Duke Point is a geographical location in the extreme southeastern part of the city of Nanaimo in British Columbia. It is located on a thin peninsula to the east of the Nanaimo River estuary, just across the Northumberland Channel from Gabriola Island.

An industrial park is located at Duke Point, which includes one sawmill. The Duke Point ferry terminal is also located here, but there are no public transit connections.

==History==
Before Duke Point became an industrial park, there were searches for archaeological sites on the peninsula. Several sites were found and these examinations found that the settlements on Duke Point belonged to the Coast Salish and were around 4,000 years old. The site also revealed that Duke Point was used as a seasonal ground for the Coast Salish.

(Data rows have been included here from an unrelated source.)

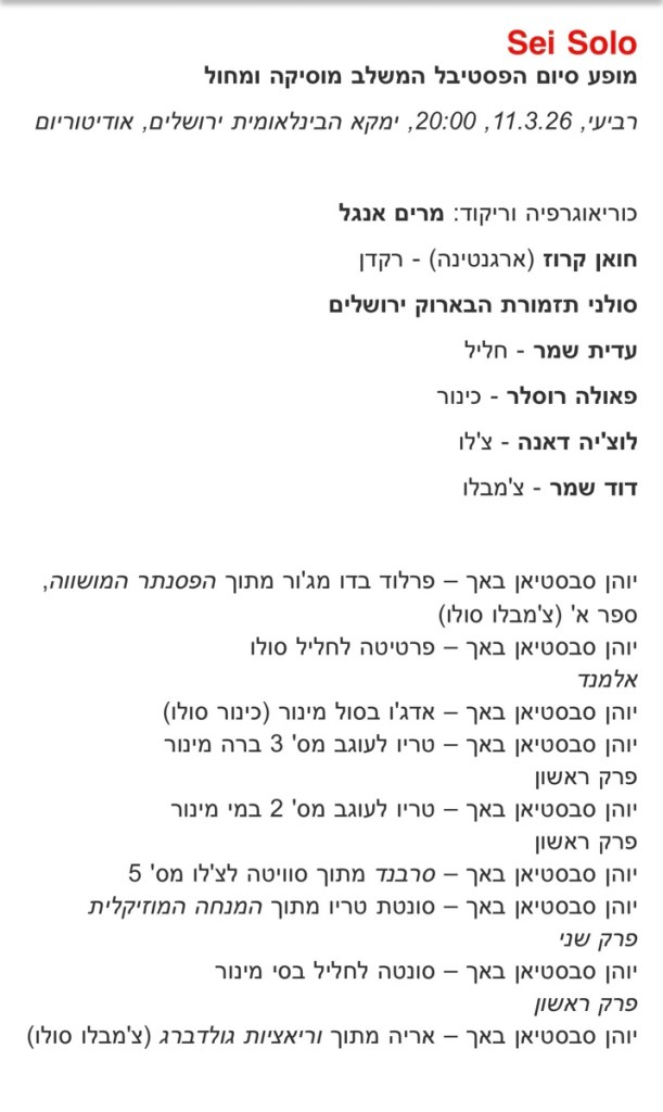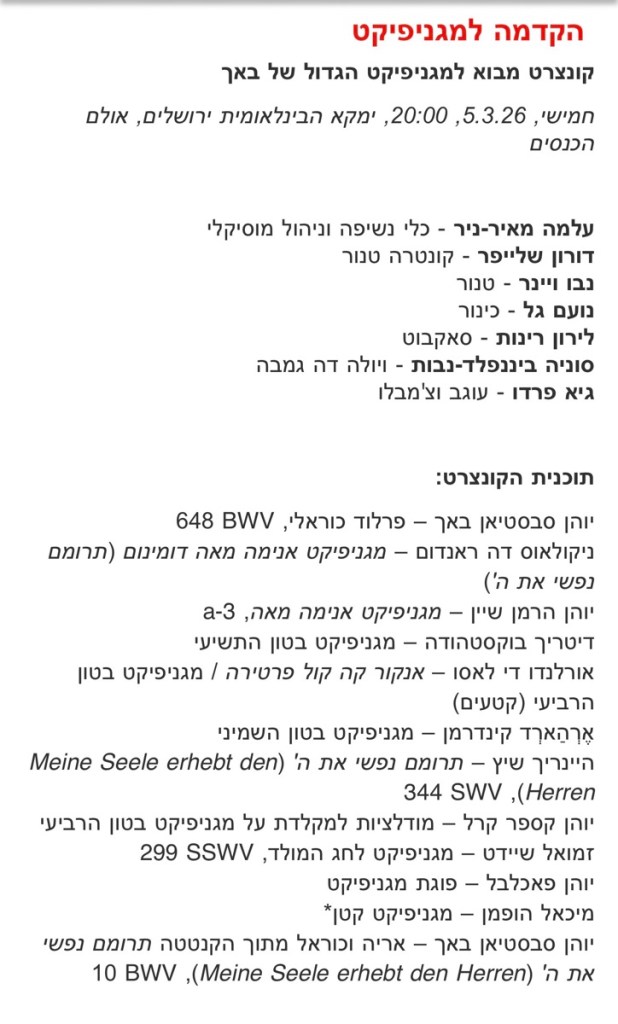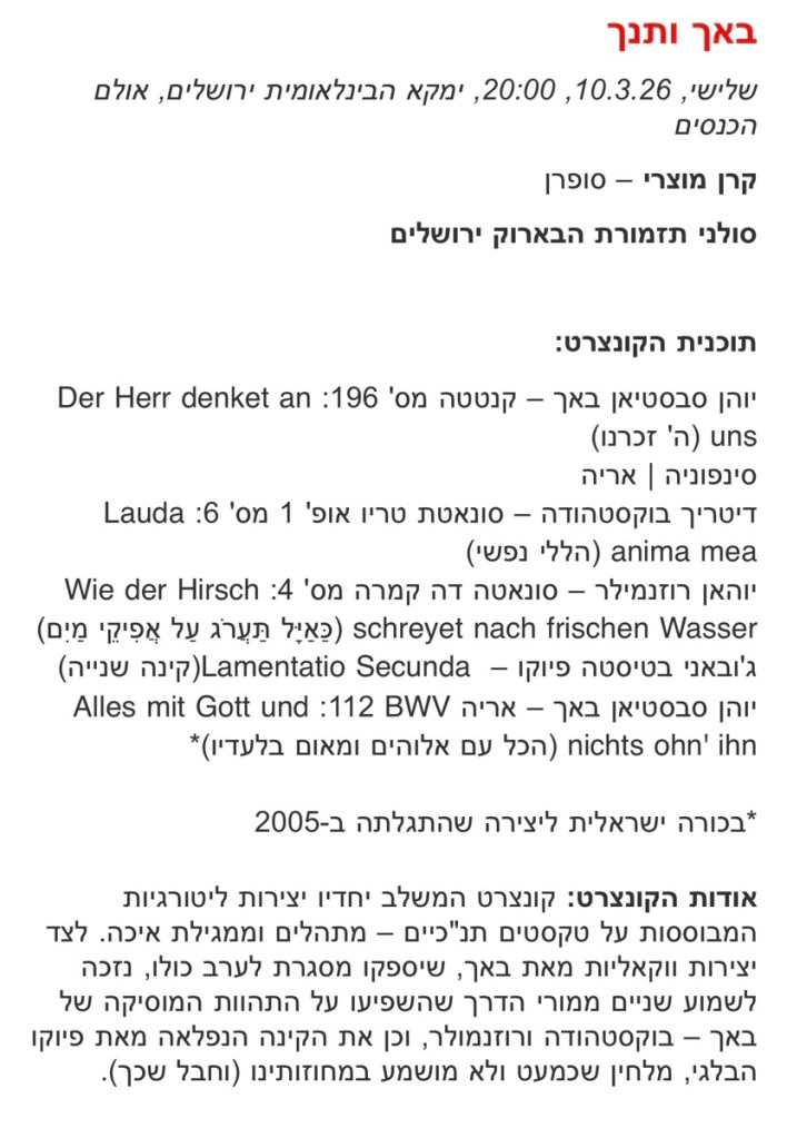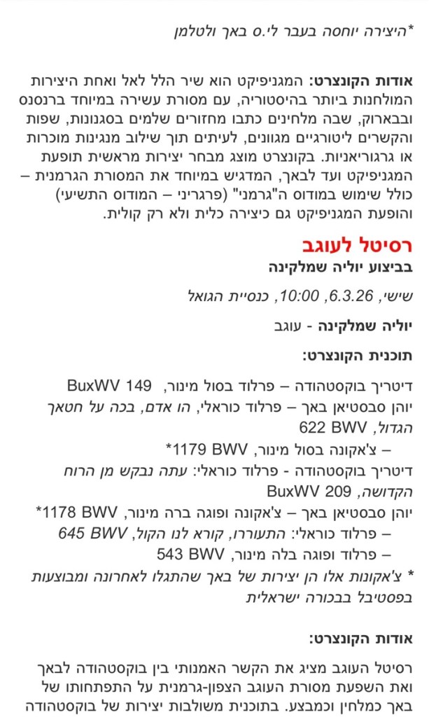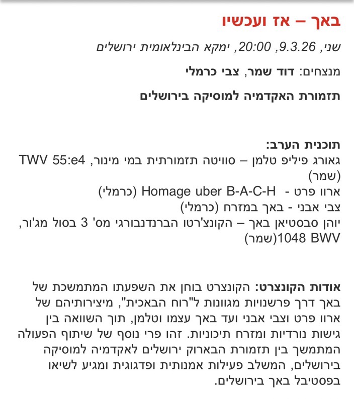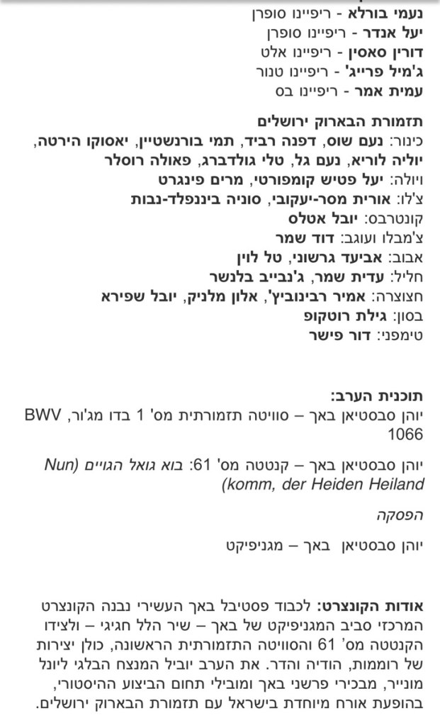 תזמורת הבארוק ירושלים גאה להציג: פסטיבל באך העשירי פסטיבל המוזיקה היחיד בישראל לציון יום הולדתו של באך5-11 במרץ 2026 ירושלים · תל אביב · חיפה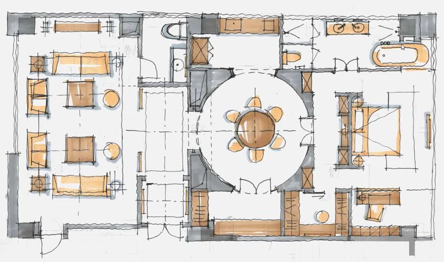 2、整体流程:方案手绘稿 → 手稿转化cad图纸/模型/效果图。如下图: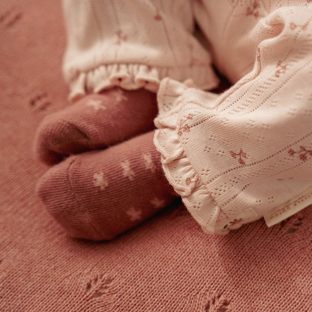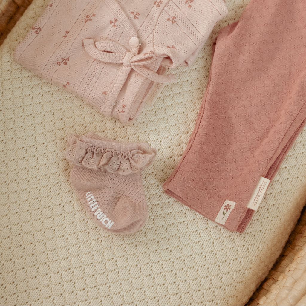 -3 paar sokken: 1x Pink Blush met kleine bloemetjes op, 1x wit met een bloemetje erop & 1x lichtroze met franjes.
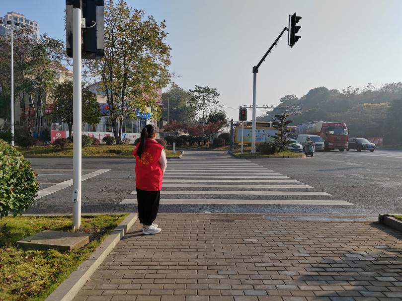 在斑马线前,志愿者身着红马夹,劝导行人过马路遵守交通规则,注意安全信号灯,不闯红灯,不乱穿马路,不跨越护栏,倡导大家佩戴头盔,系好安全带,并帮助行动有困难的市民安全过马路。斑马线引导活动的开展,倡导了安全出行、文明出行的理念,提高了广大群众文明交通安全意识。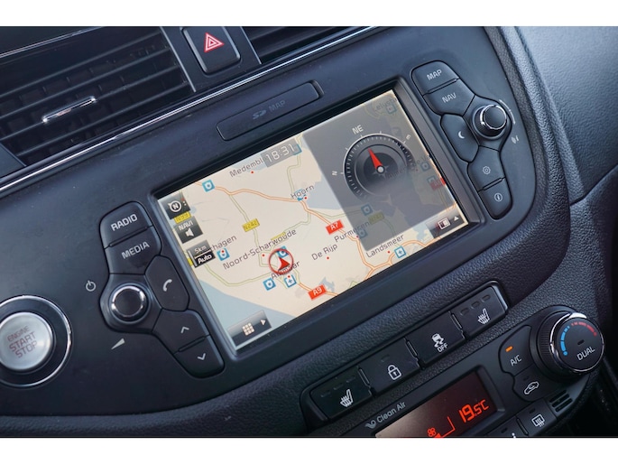 Nekkramp en verdraaide schouders zijn verleden tijd. Door de achteruitrijcamera is iedere meter achter de auto glashelder in beeld. Tot de standaard uitrusting van deze auto hoort ook electronic climate control. De elektronische systemen in deze Kia helpen u actief om comfortabeler te rijden. Een automatisch inschakelbare verlichting en een regensensor houden de omstandigheden onderweg in de gaten. Altijd uw handen vrij om deuren of bagageklep te openen, dankzij de keyless entry. Met navigatiesysteem, DAB ontvangst, automatisch dimmende binnenspiegel, centrale deurvergrendeling met afstandsbediening en lederen versnellingspook is deze Kia helemaal compleet.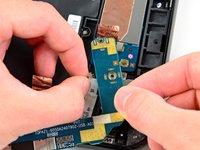 Use the attached black tab to pull the display data cable straight up and out of its socket on the motherboard.
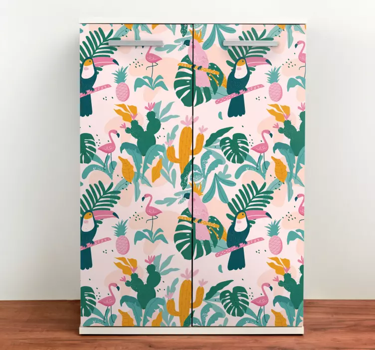 Plongez dans un univers vibrant et coloré avec notre Adhésif meuble paradis des oiseaux tropicaux. Ce motif enchanteur, orné de magnifiques oiseaux, de flamants roses, de cactus et de feuilles luxuriantes, apporte une touche de nature à votre intérieur. Vous serez séduit par l'énergie tropicale qu'il diffuse, transformant vos meubles en véritables œuvres d'art vivantes.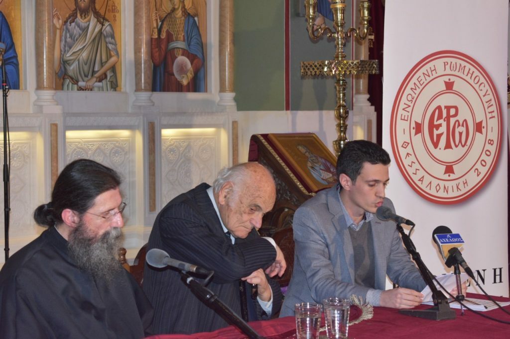 Ἀμέσως μετὰ τὸν λόγο ἔλαβε τὸ μέλος τῆς Ἑνωμένης Ρωμηοσύνης κος Νικόδημος Καλλιντέρης, ὁ ὁποῖος μίλησε γιὰ τὴν νεότητα τῆς ἘΡΩ. Οἱ νέοι τοῦ συλλόγου δραστηριοποιοῦνται σὲ δεκάδες πόλεις τῆς Ἑλλάδας, ἔχουν συμμετάσχει σὲ προσκυνήματα στὸ ἐξωτερικό, ἐνῶ βοηθοῦν γενικῶς καὶ στοὺς ὑπολοίπους τομεῖς δράσεως τοῦ συλλόγου μας. Ἡ Ἑνωμένη Ρωμηοσύνη βοηθάει τοὺς νέους μὲ ἐκδηλώσεις σὰν τὴν σημερινή, ἀλλὰ καὶ μὲ ποικίλες ἐκδόσεις βιβλίων νὰ δημιουργήσουν κατὰ Θεὸν οἰκογένειες.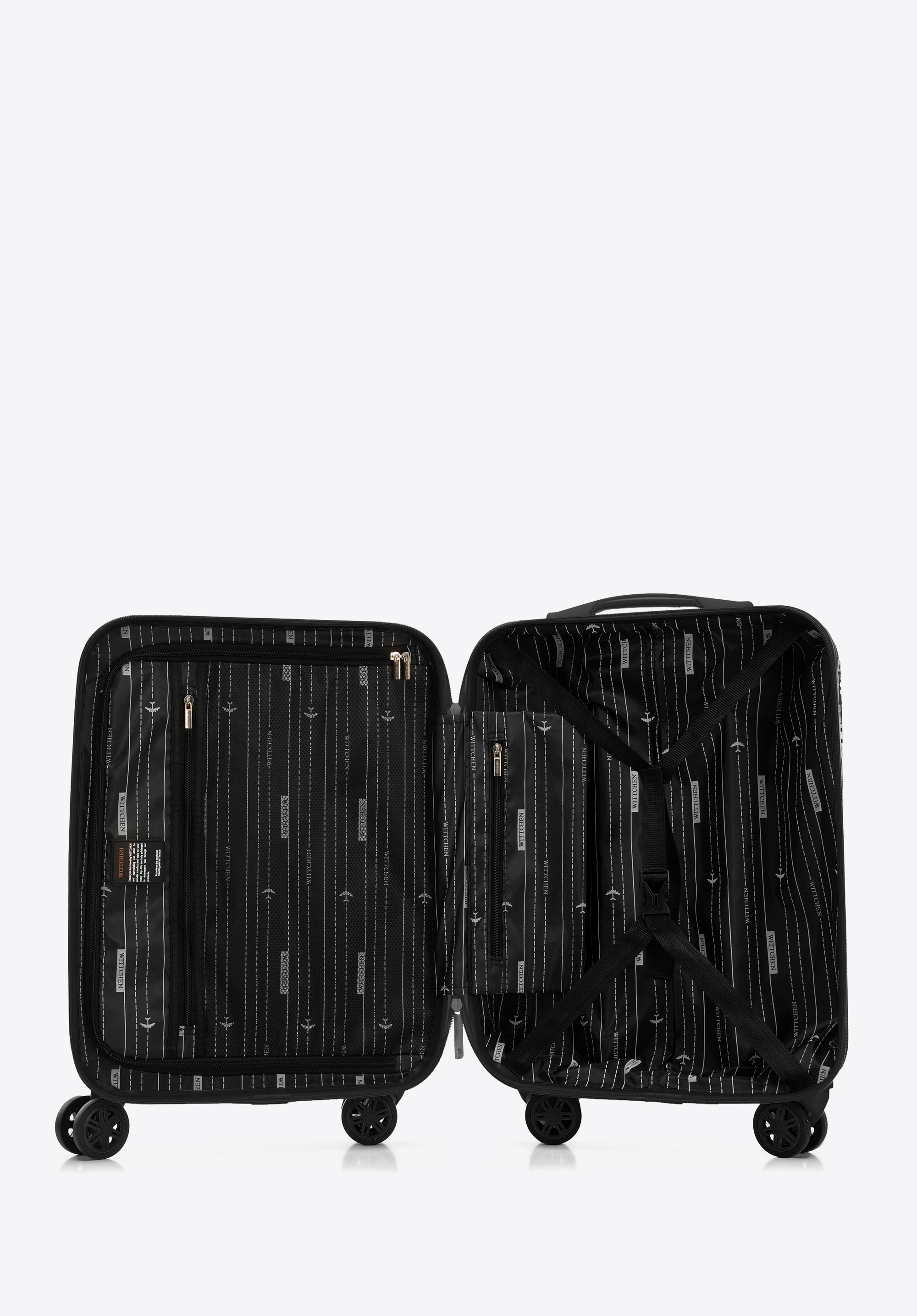 - Ідеально продуманий інтер''єр: Внутрішній простір валізи розділений на два відділення. Одне відділення застібається на жорсткі ремені, інше - на блискавку.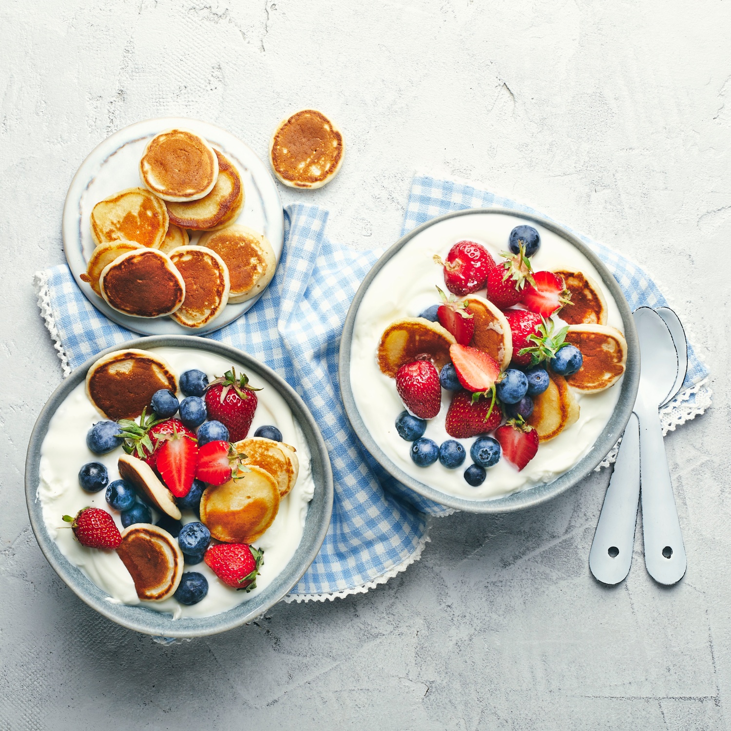 Pancakes, so klein, dass sie wie Cerealien in der Schüssel gegessen werden. Die Mini-Pancake-Bowl mit saisonalem Obst ist ein Frühstückstrend für besondere Tage. Zum Rezept

In 1980, the BC Development Corporation bought the Jack Point land from private owners, and the Duke Point land from then MacMillan Bloedel, and then levelled and serviced the lands to create the industrial park, three sawmill sites, and a 2 berth shipping terminal (only one berth was built). The 350 acre Duke Point Industrial Park was built by the BC Development Corporation from 1980 to 1983, under the Federal/Provincial Industrial Subsidiary Agreement ("TIDSA"). The Duke Point Ferry Terminal was built on Provincial land outside the TIDSA lands, and sits on land that was originally called "Jack Point", but which was amalgamated with the Duke Point Land. Originally, the Jack Point land was separated from the Duke Point land by Canoe Pass, that connected the Northumberland Channel to the waters of the Nanaimo Estuary.